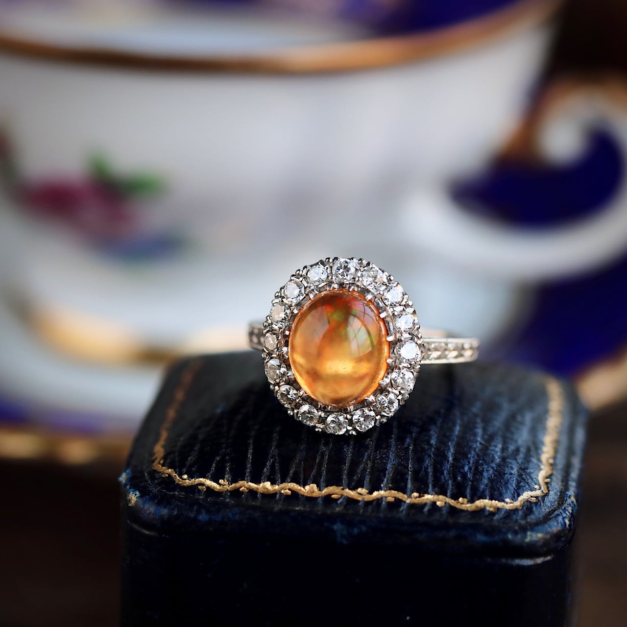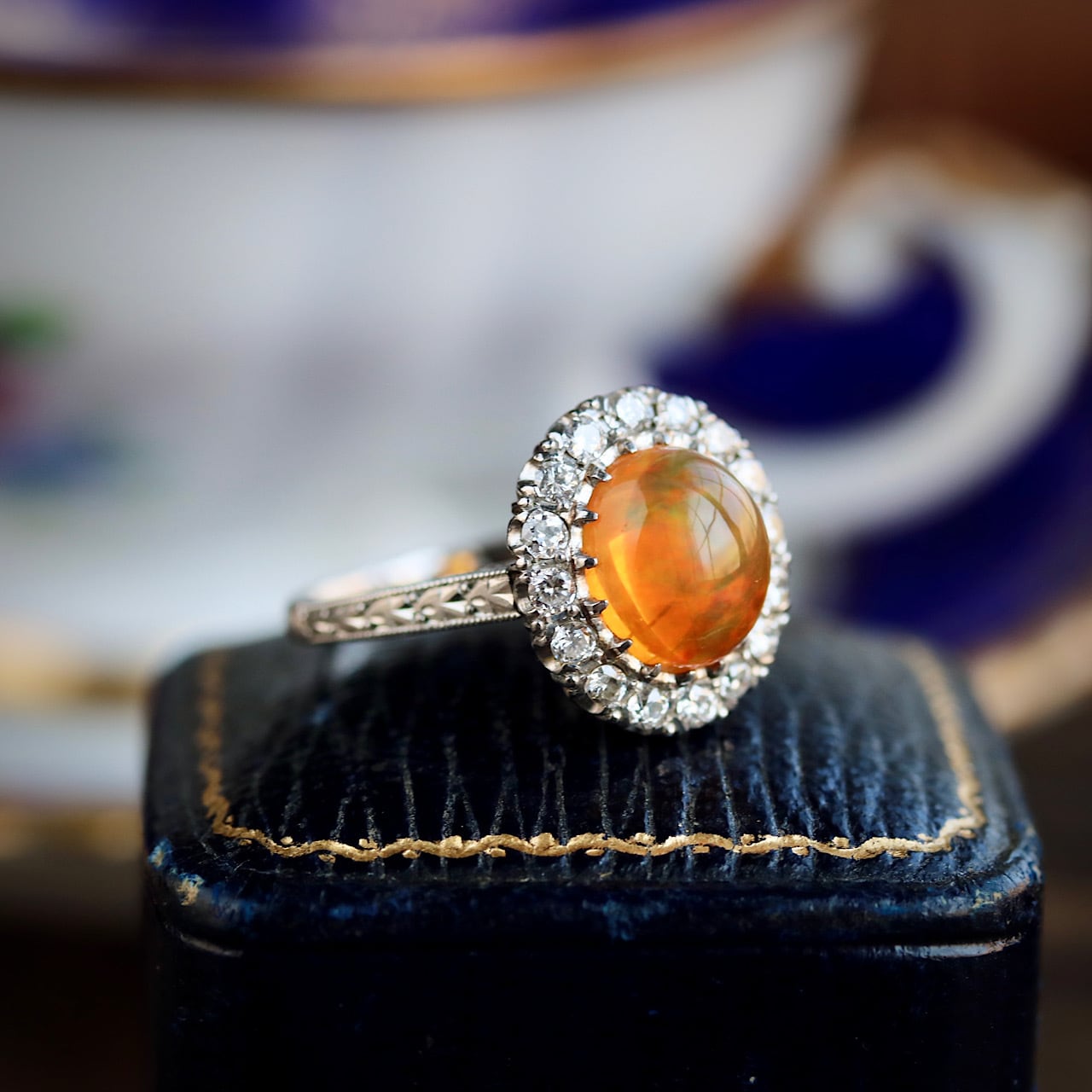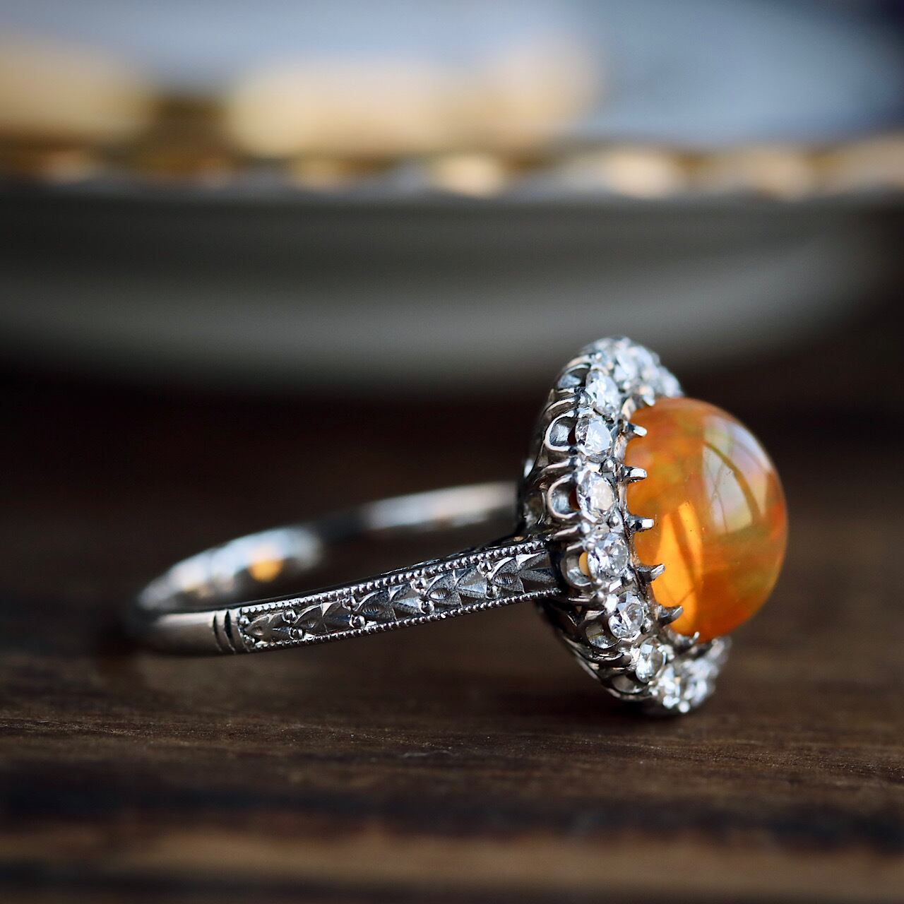 甘さと力強さを兼備したファイアオパールと、華やかなメレダイヤモンド取り巻きの組み合わせが印象的なヴィンテージリング。
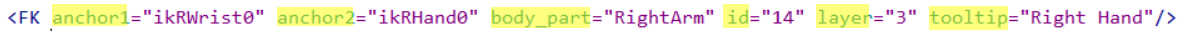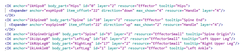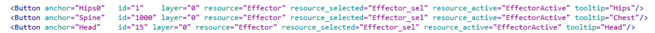 您可以通过在基本文本编辑器(如记事本或 Programmer's Notepad)中编辑 CharacterControls.xml 文件,自定义 HumanIK 窗口的“控制”(Controls)和“自定义绑定”(Custom Rig)选项卡。您也可以通过更改布局来编辑 HumanIK 选项卡的外观,以适应您的工作流或动画绑定。
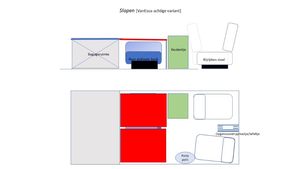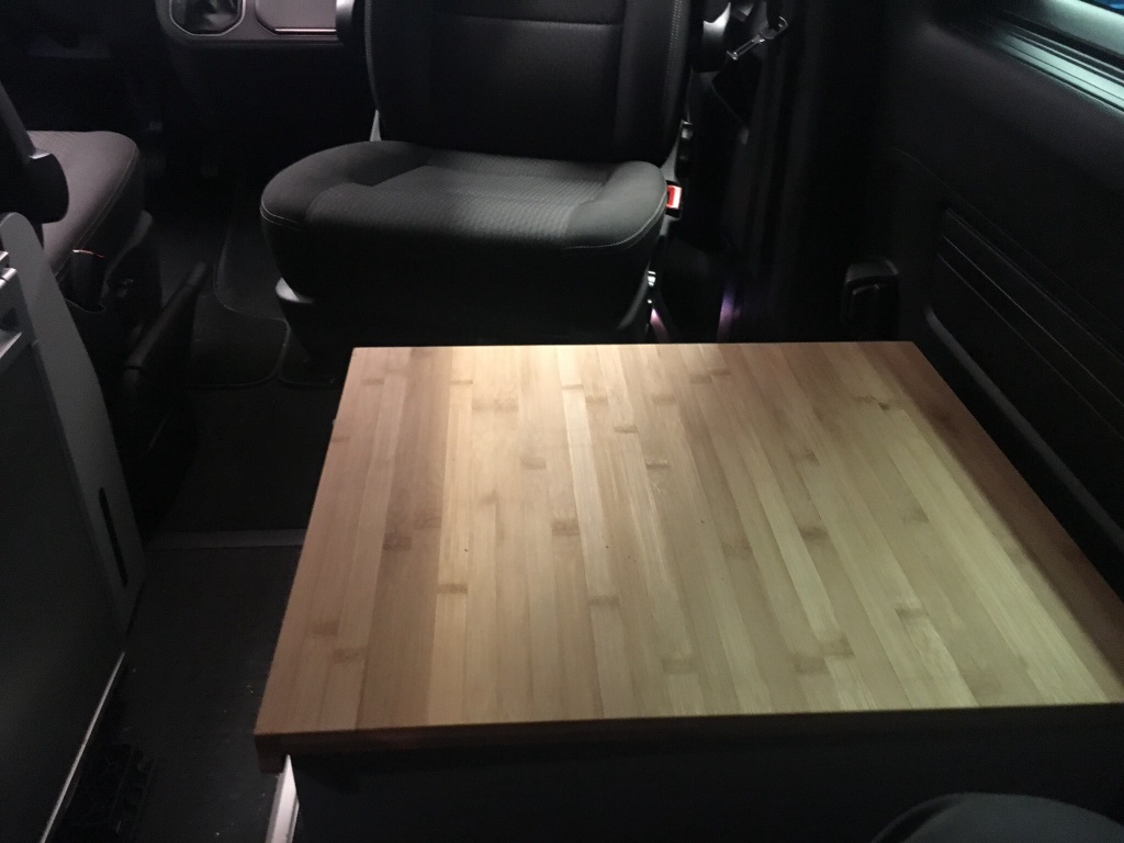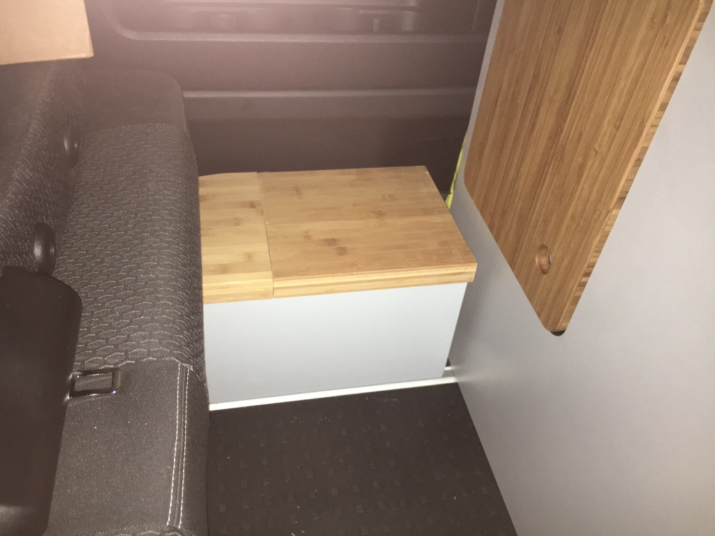 Ik heb al een gecombineerd tafeltje en ombouw voor de porta potti gemaakt. Overdag een keurig tafeltje in stijl van het keukenblokje (dus lichtgrijs met bamboe blad) tussen de bank en de omgedraaide bijrijdersstoel).
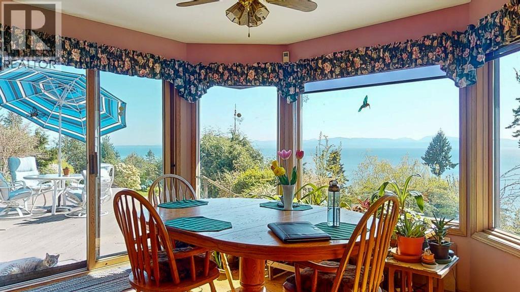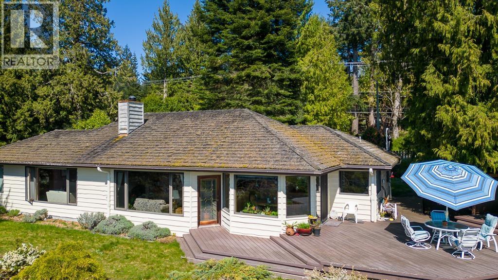 Outstanding 180 degree Ocean Views from this lovely, well built rancher! Priced well BELOW assessed value! First time available on the market! High bank, waterfront with over 2 acres, offers some serious privacy as well as being zoned for a 2nd dwelling. Decent sized detached studio with attached greenhouse could be a workshop, office, guest cottage? Bring your ideas. Double detached garage too. Original solid oak, hardwood flooring, huge windows to let in loads of sunshine, 2 generous sized bedrooms, extensive wooden deck for entertaining, soaking up the sun, or just enjoying the sunsets/sunrises with your favourite beverage. A beautiful home with exceptional views and privacy in a quiet neighbourhood. Call your Realtor for a private tour! (id:48970) Show More

▶ _WHAT THIS TASK INVOLVES_
Reproduce every line of the material precisely, omitting its pictures.

▶ _ANSWER TO THE PROBLEM_
 甘さと力強さを兼備したファイアオパールと、華やかなメレダイヤモンド取り巻きの組み合わせが印象的なヴィンテージリング。
 您可以通过在基本文本编辑器(如记事本或 Programmer's Notepad)中编辑 CharacterControls.xml 文件,自定义 HumanIK 窗口的“控制”(Controls)和“自定义绑定”(Custom Rig)选项卡。您也可以通过更改布局来编辑 HumanIK 选项卡的外观,以适应您的工作流或动画绑定。
 Ik heb al een gecombineerd tafeltje en ombouw voor de porta potti gemaakt. Overdag een keurig tafeltje in stijl van het keukenblokje (dus lichtgrijs met bamboe blad) tussen de bank en de omgedraaide bijrijdersstoel).
 Outstanding 180 degree Ocean Views from this lovely, well built rancher! Priced well BELOW assessed value! First time available on the market! High bank, waterfront with over 2 acres, offers some serious privacy as well as being zoned for a 2nd dwelling. Decent sized detached studio with attached greenhouse could be a workshop, office, guest cottage? Bring your ideas. Double detached garage too. Original solid oak, hardwood flooring, huge windows to let in loads of sunshine, 2 generous sized bedrooms, extensive wooden deck for entertaining, soaking up the sun, or just enjoying the sunsets/sunrises with your favourite beverage. A beautiful home with exceptional views and privacy in a quiet neighbourhood. Call your Realtor for a private tour! (id:48970) Show More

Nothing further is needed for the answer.